Could you retype exactly the lines below between the one holding "Šobrīd varu iedomāties" and the one holding "Planned and proposed", inclusive, leaving out any pictures?

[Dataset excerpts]

◇ ◇ ◇ ◇ ◇ ◇ ◇

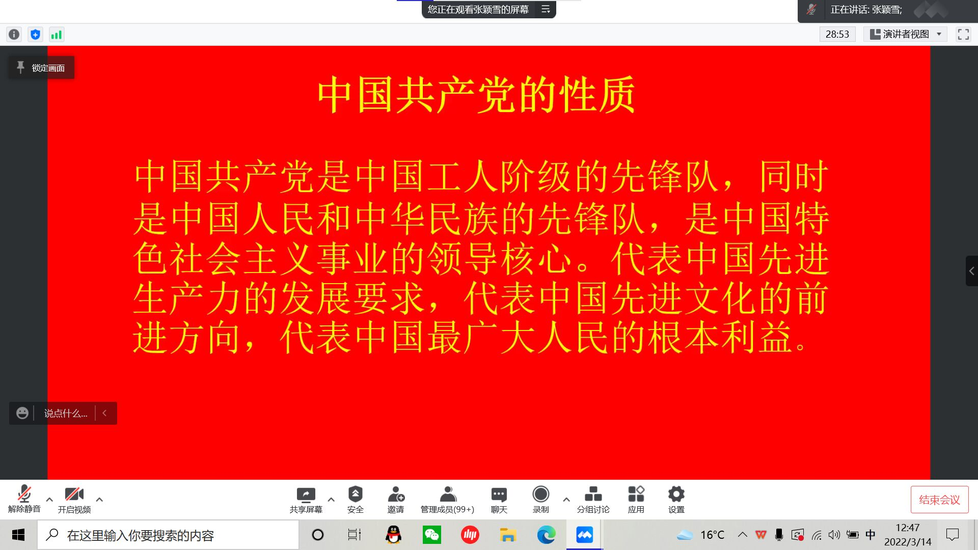 3月14日中午,我院第二十三期积极分子开班仪式于线上成功举办,本次会议由我院学生党务中心张颖雪主持,本期全体积极分子参加会议。
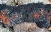 Šobrīd varu iedomāties 2 variantus - melnā plaispika Amaurochaete atra vai parastais gļotpūpēdis Reticularia lycoperdon. Pēc izmēra, augšanas laika un augšanas uz apstrādāta koka atbilst abas.
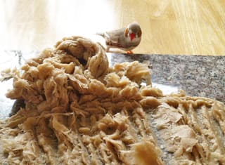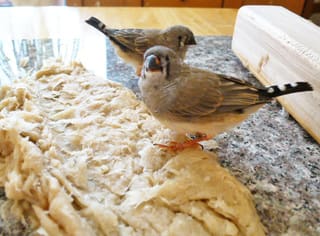 その、ミツマタの繊維を叩いていると、お腹をすかせたヒナたちが
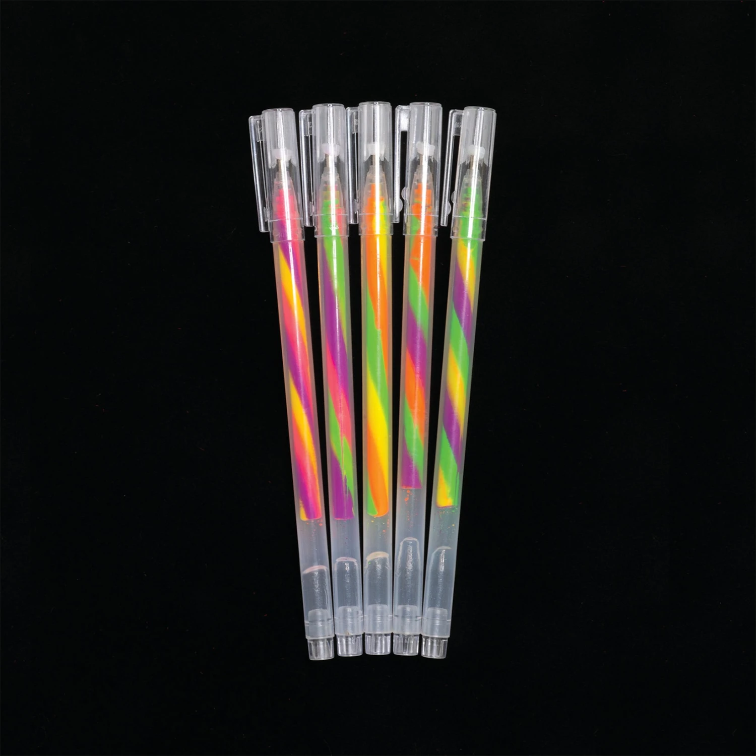 Spiraling, swirling colors in each pen! Assorted combinations of neon orange, purple, green, pink and yellow gel ink.
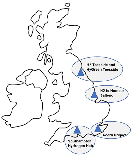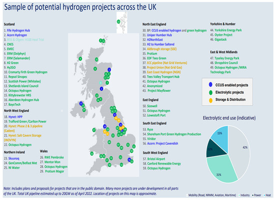 Planned and proposed hydrogen projects in the UK. Source: [41].
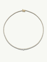 The Eternal by Marei Graduated Diamond Necklace by Angie Marei showcases a mesmerizing 6.625-carat brilliant-cut round white diamond, elegantly cradled in a classic four-prong setting on a 16-inch chain. Each diamond is meticulously hand-selected for its exceptional fire, brilliance, and clarity, ensuring a breathtaking display of light with every movement. A masterpiece of sophistication and timeless elegance, this necklace is a modern heirloom, destined to be treasured for generations.
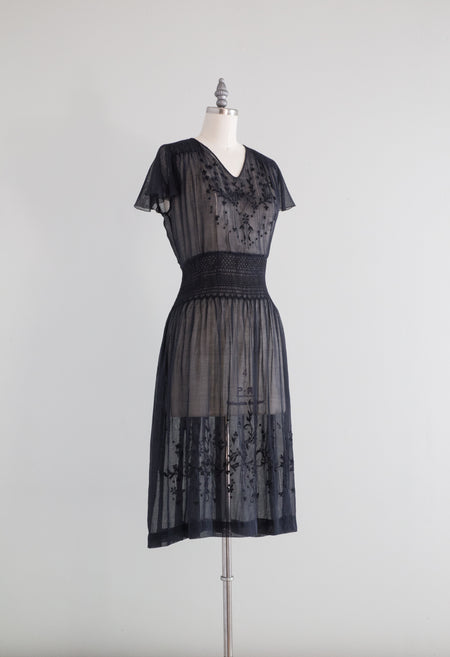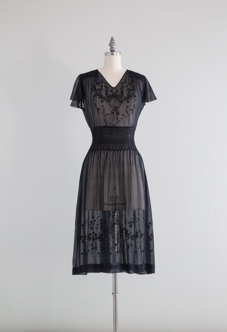 Beautiful 1920's Black Cotton Voile Hungarian Peasant Dress / Medium
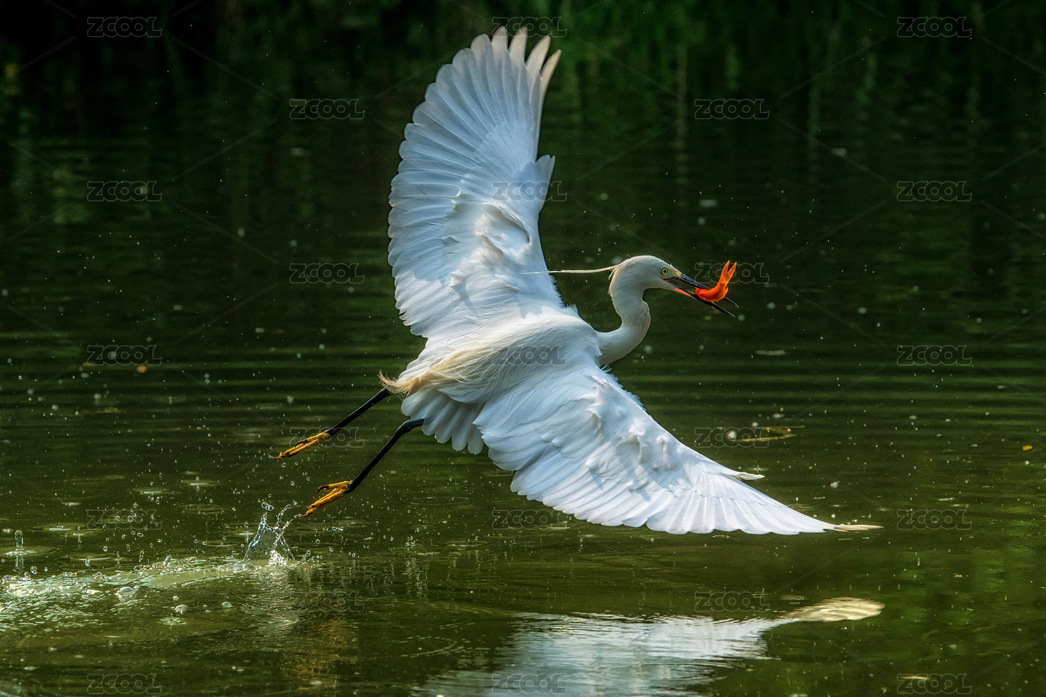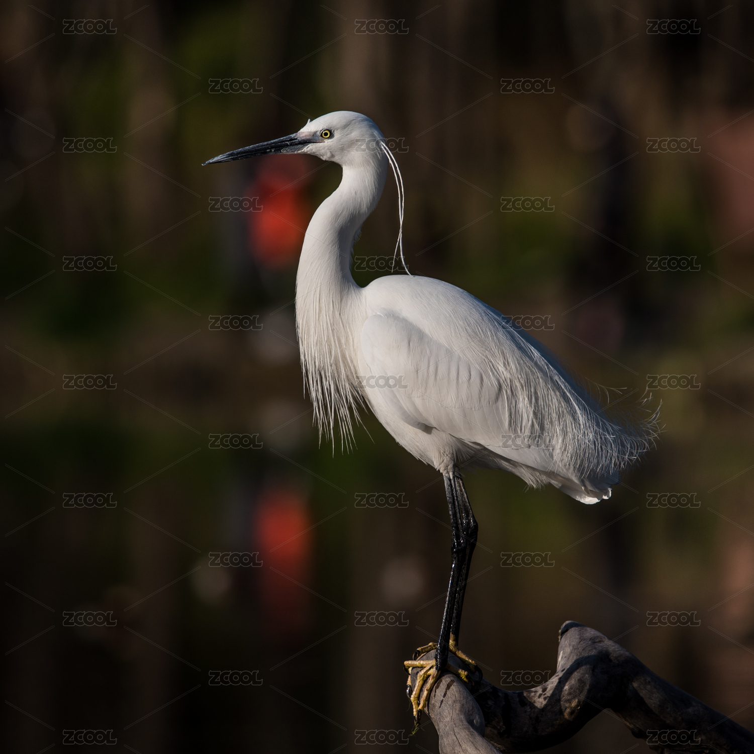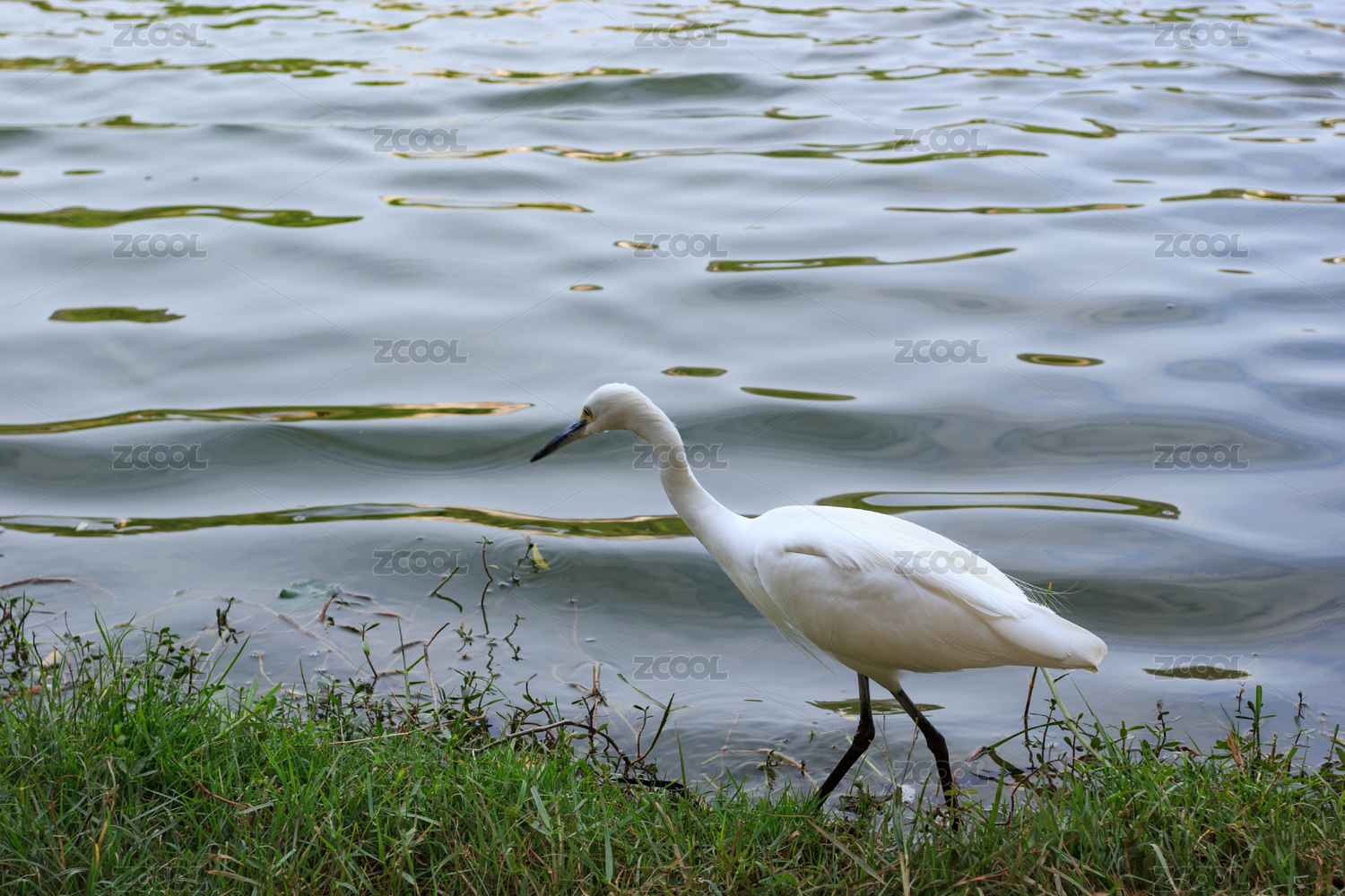 一只小白鷺鳥(niǎo)在開(kāi)闊的沼澤淺水灘里搜尋捕食

◇ ◇ ◇ ◇ ◇ ◇ ◇

* _Solved problem_:
 Šobrīd varu iedomāties 2 variantus - melnā plaispika Amaurochaete atra vai parastais gļotpūpēdis Reticularia lycoperdon. Pēc izmēra, augšanas laika un augšanas uz apstrādāta koka atbilst abas.
 その、ミツマタの繊維を叩いていると、お腹をすかせたヒナたちが
 Spiraling, swirling colors in each pen! Assorted combinations of neon orange, purple, green, pink and yellow gel ink.
 Planned and proposed hydrogen projects in the UK. Source: [41].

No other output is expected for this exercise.